Syrian moderation shows through cloud of rhetoric
Beirut — Whether by choice, lack of options, or simply midwinter war weariness, Syria's enigmatic strong man, Hafez Assad, appears to be experimenting with a more moderate Middle East policy.
It may not be apparent from the rhetoric -- such as the call Jan. 7 by the Syrian newspaper Tishreen for military confrontation with Israel -- but in its acts and even its non-acts Syrian moderation can be seen.
Better relations with the United States: Before Christmas, Syrian United Nations Ambassador Dia-Allah Fattal worked closely with US Ambassador Jeane Kirkpatrick to draft a resolution condemning Israel's annexation of the Golan Heights. Mr. Fattal also carried on extensive negotiations with Mrs. Kirkpatrick this week in an attempt to win over the US to a resolution calling for full-scale sanctions against Israel. At this writing, consensus on this much more controversial resolution seemed unlikely.

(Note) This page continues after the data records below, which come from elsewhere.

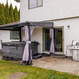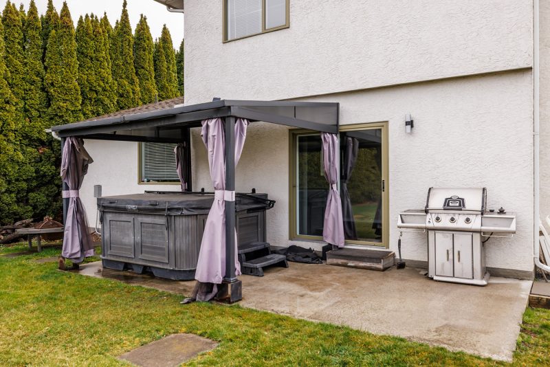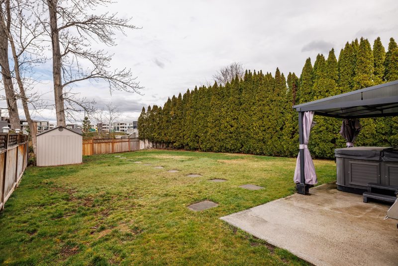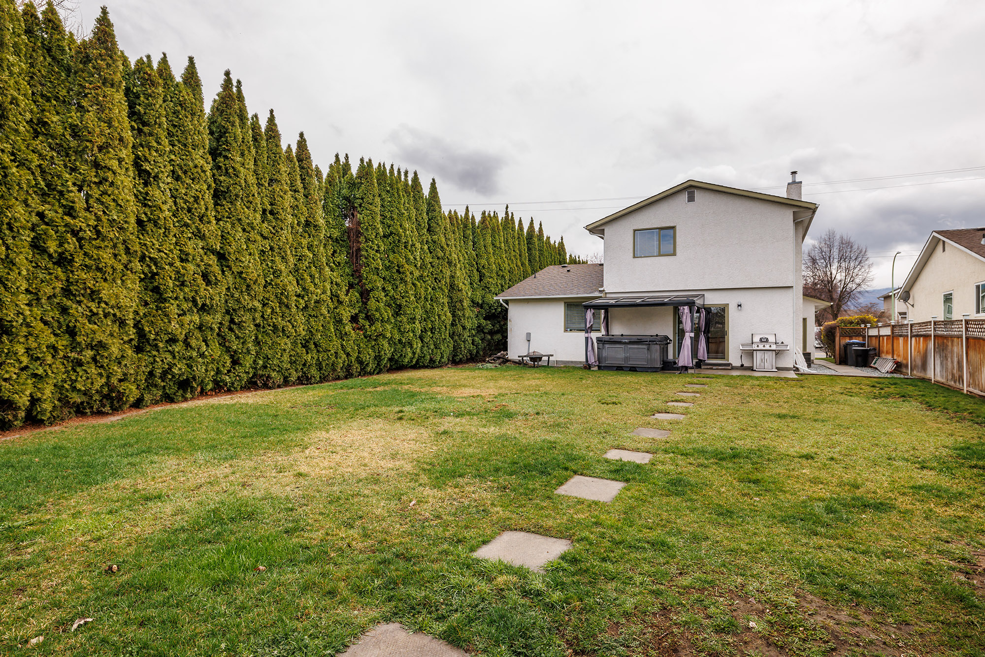 Set on a landscaped lot with grass, shrubs and a mature row of cedars, this two-storey home offers great curb appeal, a flat, partially fenced backyard with a hot tub, and an attached two-car garage.
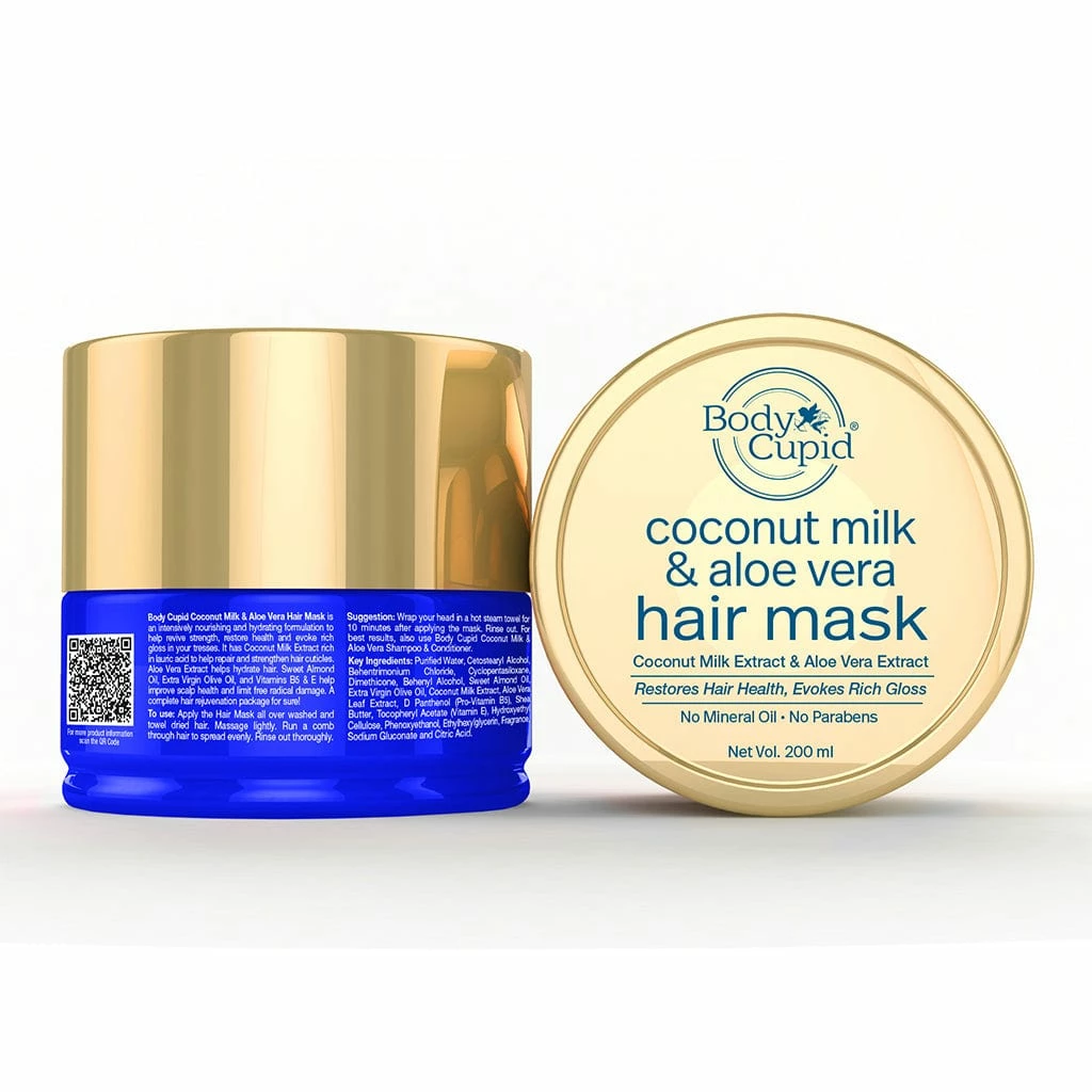 Body Cupid Coconut Milk & Aloe Vera Hair Mask is an intensively nourishing and deeply hydrating formulation to help revive strength, restore health and evoke rich gloss in your tresses.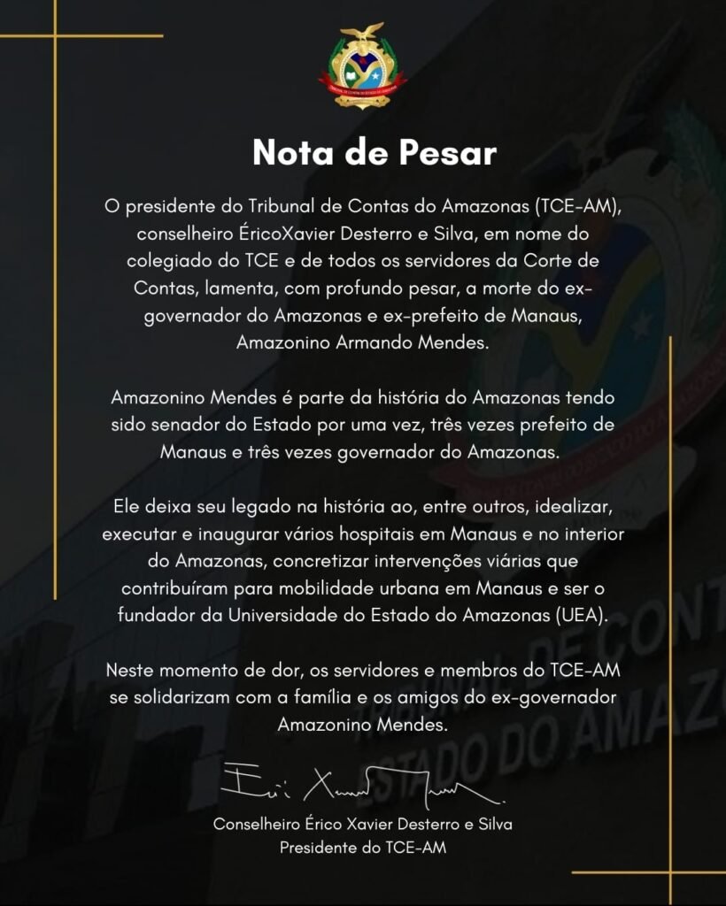 O Tribunal de Contas do Estado do Amazonas (TCE-AM) também emitiu nota de pesar, pela morte de Amazonino.
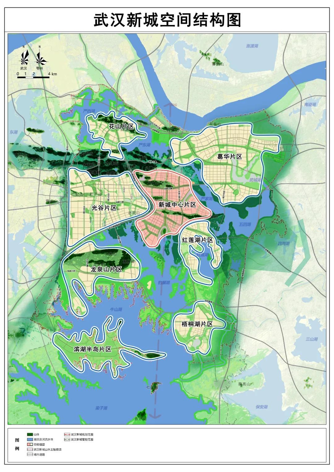 按照“山水城、家园城、智慧城”三大目标,构建山湖相映、组团发展的空间结构,划分新城中心片区、光谷片区、葛华片区、花山片区、龙泉山片区、红莲湖片区、梧桐湖片区、滨湖半岛片区共8大片区,形成产城融合、功能复合的空间布局。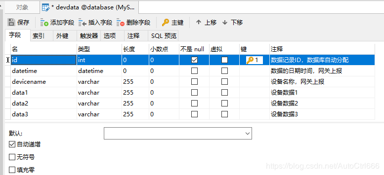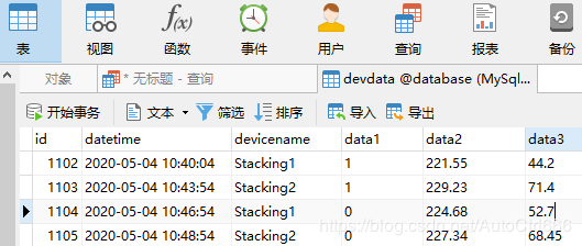 项目中有一台S7-1500和一台S7-1200的PLC,需要将其数据通过一个IGT-DSER智能网关采集到MySQL数据库 ;首先用数据库工具navicat连接数据库建立database数据库和devdata数据表,数据表的结构如下图: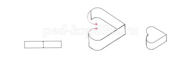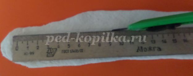 Для переноса деталей и для выделения прожилок на листьях делаем лопаточку: вырезаем полоску 1,5 см на 6,5 см, затем один из уголков отрезаем, так чтобы короткая сторона была 0,7 см.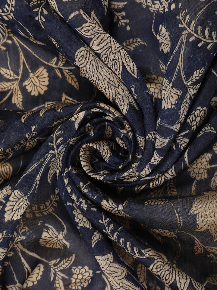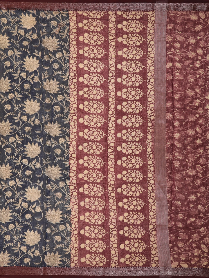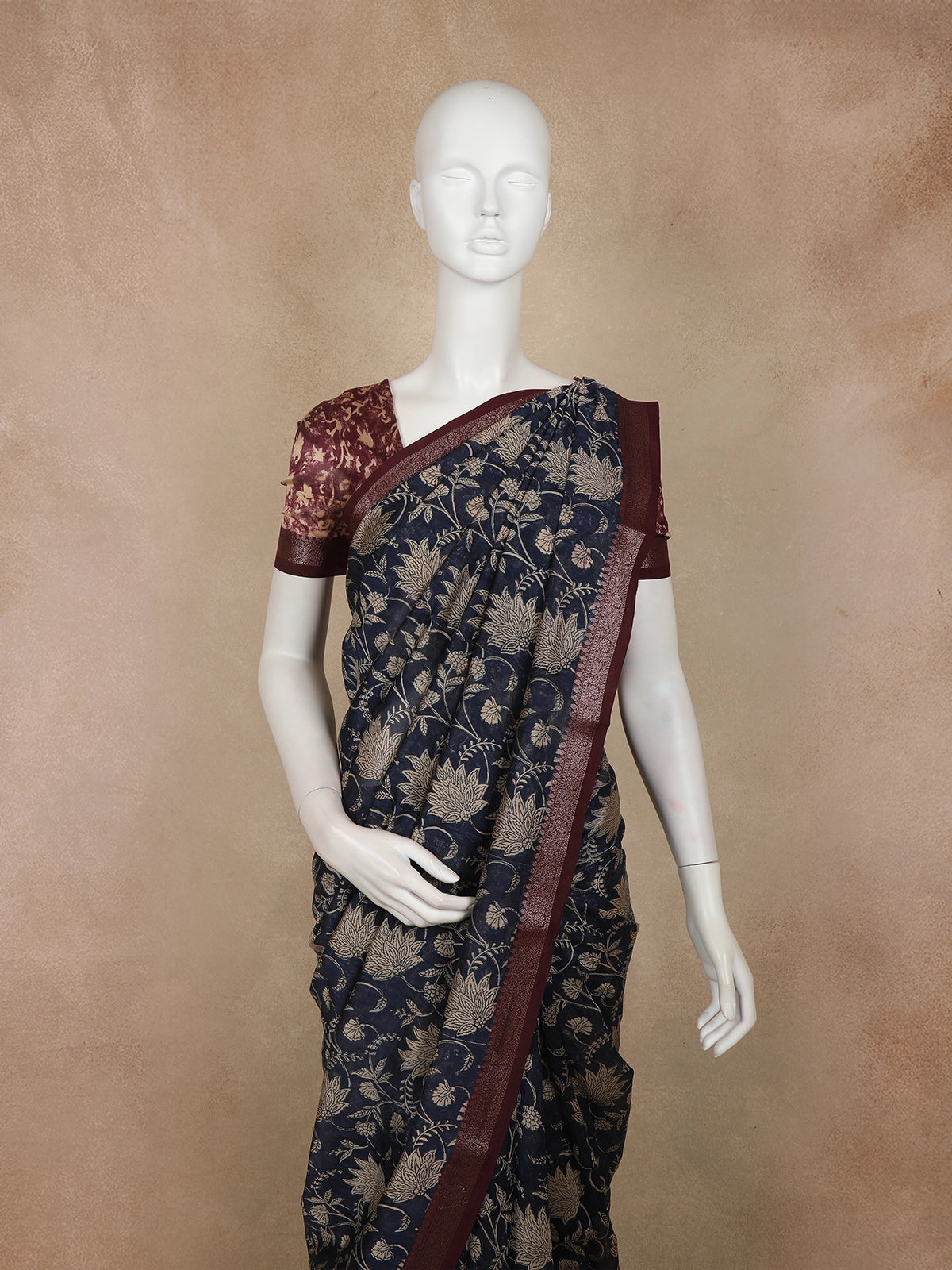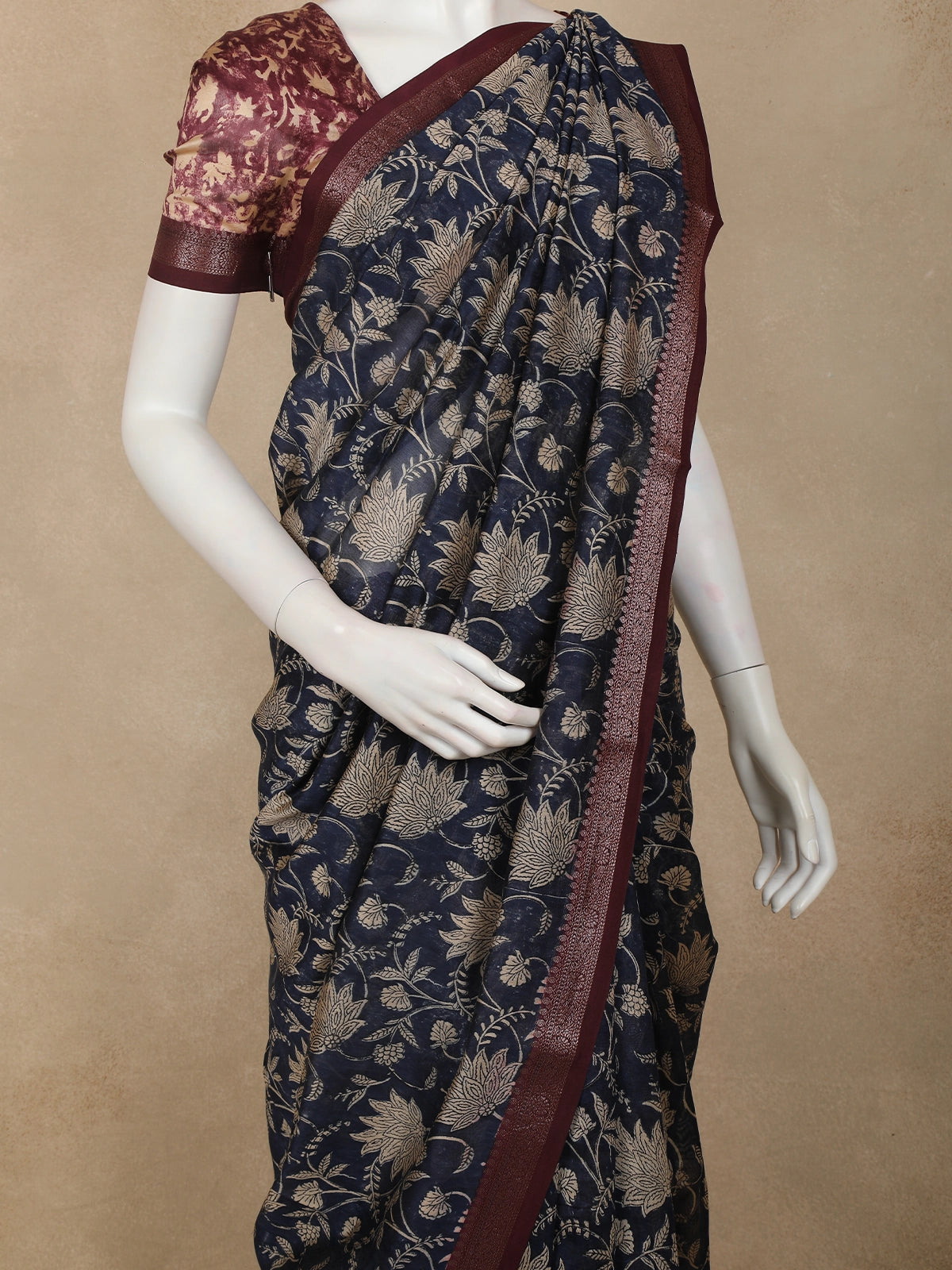 Navy Blue Floral Printed Chanderi Cotton Saree with Maroon Zari Border
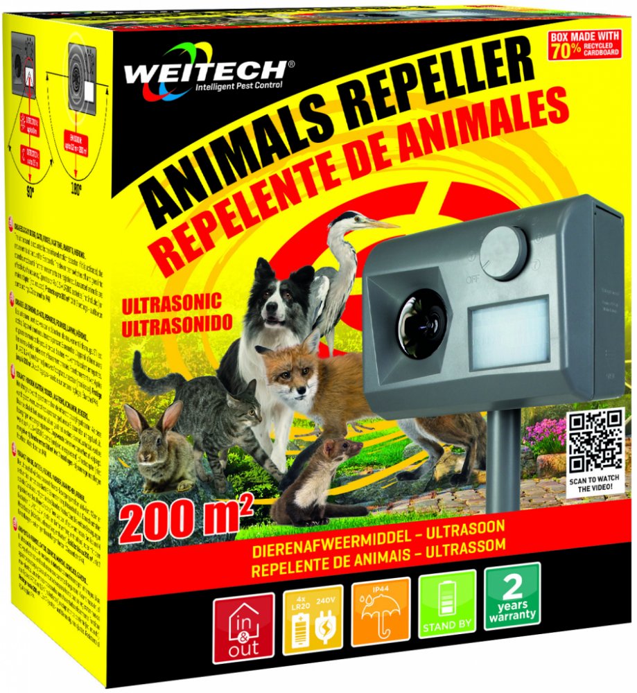 Plašič kun, koček, lišek, psů, a jiných toulavých zvířat WEITECH Garden Protector 3 WK 0055 na 200m2

But American diplomats in the Middle East were encouraged by the Syrian-American dialogue that took place both during the UN negotiations and, earlier in December, when US special envoy Philip C. Habib held talks with Mr. Assad in Damascus.
Minimal Syrian sabre-rattling following the Israeli annexation: Despite the Tishreen militancy (which, like much of the bombast in the Middle East is meant for internal consumption), Syria has so far resisted the impulse to build up forces on its border with Israel.
Abu Jihad (Salah Khalaf), head of the Palestine Liberation Organization (PLO) armed forces in Lebanon Jan. 6 called on Mr. Assad to ''open up the Golan Front.'' He said the Syrians ''must not depend on resolutions by the Security Council and the Arab League, for they have no alternative'' but to fight Israel from southern Lebanon, Syria, and Jordan.
Arab and Western analysts, however, feel sure the call will go unheeded by Damascus, which has had a peaceful border with Israel since 1974. Abu Jihad's call is seen as more of a taunt to Assad than friendly advice. The PLO and Syria have a tense relationship going.
Syria's apparent interest in reconvening the Arab summit: Just after the Golan annexation occurred, it appeared that Syria wanted the summit resumed in order to line up Arab states militarily against Israel. But that appears an impossibility.
Meanwhile there have been persistent indications -- usually denied as soon as they are mooted -- that Syria is coming around to acceptance of the eight-point Saudi peace plan.
Many Palestinian and Lebanese sources here agree that Syria is considering the Saudi plan more seriously. They caution, however, that Mr. Assad still could be put in a position where he is forced to reject the plan again (as he did when the Arab summit collapsed in November).
This could occur if his soldiers or the soldiers of his Palestnian allies become involved in new fighting with Israel in Lebanon this spring -- in which case the Saudi plan's implicit recognition of Israel might be hard for Mr. Assad to swallow.
With rain and low clouds dampening the warrior spirit in Lebanon, Mr. Assad may not be so much holding out an olive branch to Arab moderates, the US, and perhaps even Israel. He may be compelled by circumstance to act cautiously.
There is great tension in his bailiwick. A small but elite segment of Syria's Army is tied down for the foreseeable future in a costly peacekeeping operation in Lebanon. At the same time, Syria is involved in a sometimes dormant, sometimes deadly secret war with Yasser Arafat's Fatah organization in Lebanon. And Mr. Assad's small Alawite Christian ruling base faces continued resistance at home from the still-active Muslim Brotherhood, which claims to respresent the majority Sunni population.
Around him, Syria, Iraq, and Jordan continue to be hostile because of Syrian support for Iran. Implicit condemnation of Syria was made Jan. 6 by both Iraq's Saddam Hussein and Jordan's King Hussein.